The need for 'standby time'

This morning's SANS blog-entry rang true with me.

They're coming from an InfoSec point of view, but this fits into the overall IT framework rather well. I even remembered it in the chart I posted back in January:
SA-TreeOfIT.png
A discrete Security department is one of the last things to break out of the pack, and that's something the SANS diary entry addresses. Between one-gun IT and a discrete security department (a "police department" in their terms) you get the volunteer fire-department. There may be one person who is the CSO, but there are no full-timers who do nothing but InfoSec stuff. When stuff happens, people from everywhere get drawn in. Sometimes it's the same people every time, and when a formal Security department is formed it'll probably be those people who are in it.

But, stand-by time:

Although it may sound like it means "stand around doing nothing," standby time is more like on-call or ready-to-serve time. Some organizations implement on-call time as that week or two that you're stuck with the pager so if anything happens after-hours you're the one that gets called. Otherwise known as the "sorry family, I can't do anything with you this week" time. As the organization grows, that will become less onerous as they move to a fully-staffed 24/7 structure with experienced people. That's not really what I mean by standby time.

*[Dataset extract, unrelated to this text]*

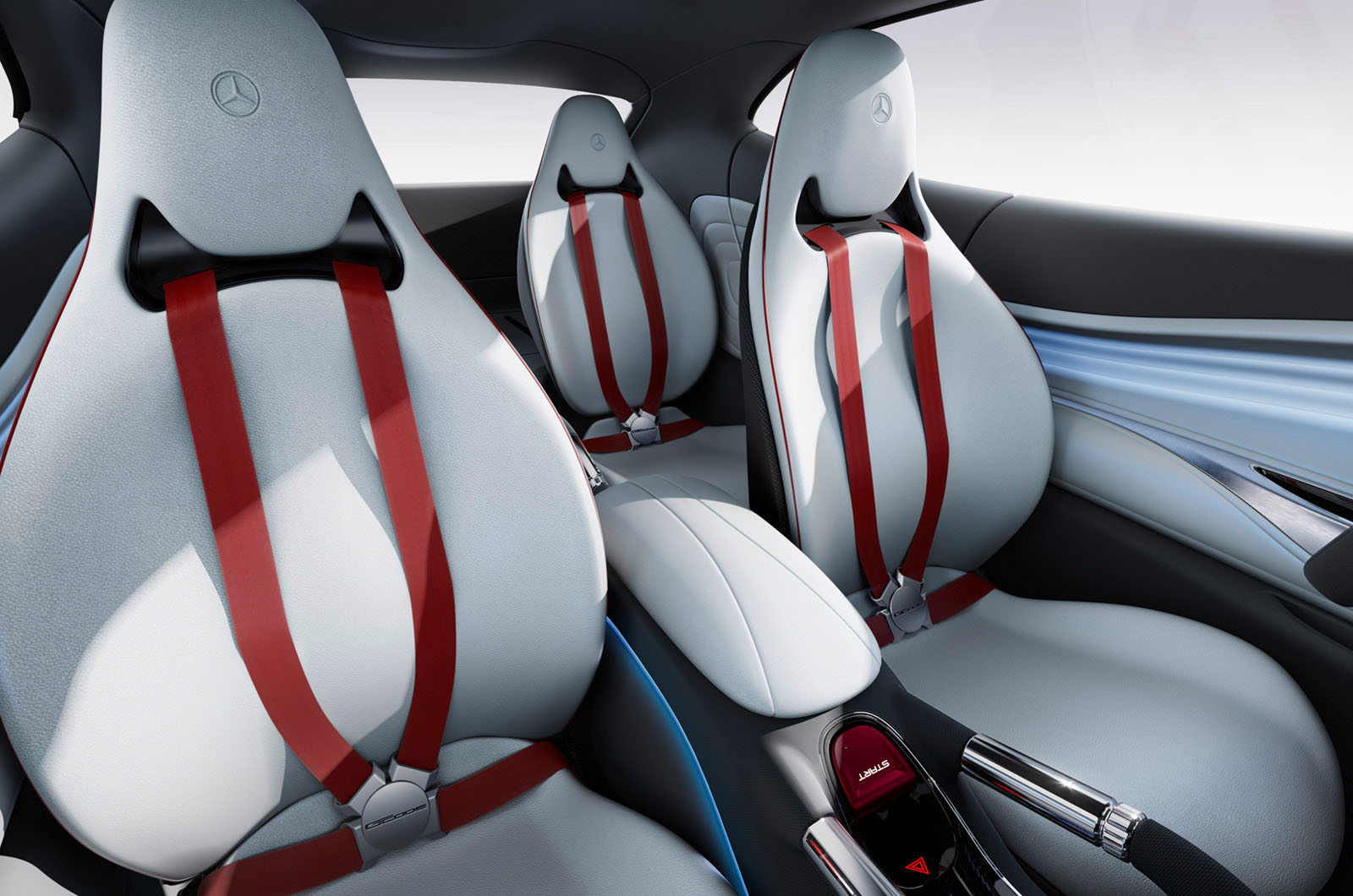 Le caractère distinctif de la conception de la cabine passagers signifie également l'absence de montant B, il est donc beaucoup plus facile d'accéder à l'un des quatre sièges. À première vue, l'intérieur est conçu à la fois très futuriste et minimaliste, et les quatre sièges séparés ont un dossier monobloc et des ceintures de sécurité spéciales à six points..

Standby time is time that is set aside in the daily schedule that is devoted to incident-response. Most of the time it should focus on the first stage of incident-response, or Preparation. It's time spent keeping up to date on security news and events, updating documentation, and building tools and response processes. It's an interruptable time should an incident arise, but it's not interruptable for other meetings or projects.

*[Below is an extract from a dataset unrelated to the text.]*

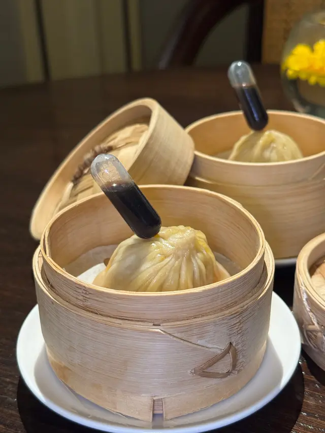 巨型的小籠包,皮薄餡料豐富,而且玩味十足,用上吱吱泵,將香醋泵入小籠包裏面,夠晒創意,蟹粉配鮮肉餡料,鮮味十足

This is time I've been calling "fire-watch" all along. Time when I have to be there in case something goes wrong, but I don't have anything else really going on. I spent a lot of 2010 in "fire-watch" thanks to the ongoing budget crisis at WWU and the impact it had on our project pace.

Kevin Liston is advocating putting actual time on the schedule when you are doing the crisis watch as your primary duty. During this time anything else you do is the kind of thing that is immediately interruptable, such as studying or doing the otherwise low-priority grunt work of InfoSec. Or, you know, blogging.

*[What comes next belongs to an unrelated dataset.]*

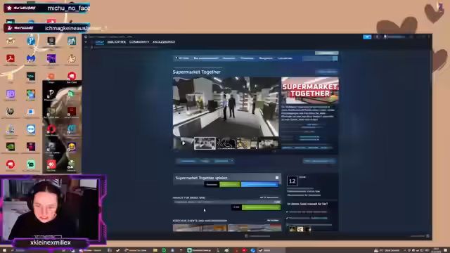 00:26:28Nach längeren Diskussionen und der Installation des Spiels starten die Streamerin und ihre Mitspieler in "Supermarket Together". Nach anfänglichen technischen Schwierigkeiten und Verwirrung über die Benutzeroberfläche gelingt es, einen neuen Supermarkt zu erstellen und zu starten. Das Team entscheidet sich für einen kreativen Ladenamen, der in pink gehalten wird, und teilt sich die Rollen an den Kassen und Regalen auf, um den Laden zu führen.

Does this apply to the Systems Administration space?

I believe it does, and it follows a similar progression to the InfoSec field.

When a crisis emerges in a one-gun shop, well, you already know who is going to handle it.

In the mid-size shops like we had at WWU the person who handles the crisis is generally the one who discovers it first, a decidedly ad-hoc process.

In the largest of shops where they have a formal Network Operations Center they may have sysadmin staff on permanent standby just in case something goes wrong. Once Upon a Time, they were called 'Operators', I don't know what they're called these days. They're there for first line triage of anything that can go wrong, and they know who to call when something fails outside their knowledge-base.

Standby Time is useful, since it gives you a whack of time you'd otherwise be bored in, during which you can do such useful things as:

  • Updating documentation
  • Reviewing patches and approving their application
  • Spreadsheeting for budget planning
  • Reviewing monitoring system logs for anomalies any automated systems may have missed
  • Reviewing the monitoring and alerting framework to make sure it makes sense

Or, those 'low priority' tasks we rarely seem to get to until it's too painful not to get around to it.

Not all sysadminly types need to be on the fire watch, but some do. In DevOps environments where the systems folk are neck deep in development, some of them may only be on it for a little while. In others where certain specialties that are rarely involved in incident-response are in evidence, such as Storage Administrators, they may never get on the front-line fire watch but may carry the 2nd/3rd tier pager.

Note, this is in addition to any helpdesk that may be in evidence. The person on fire watch will be the first responder in case something like a load-spike triggers a cascading failure among the front-end load-balanced web-servers. A fire-watch is more important for entities that have little application diversity and few internal users; things like esty, ebay, and amazon. It's less important for entities that have a lot of internal users and a huge diversity in internal systems, places like WWU. In these cases you can have a lot of things that can go wrong in little ways and who knows how to fix 'em is hard to track.

If nothing else, you can put "fire watch" on your calendar as an excuse to do the low-level tasks that need to get done while at the same time fending off meeting invites.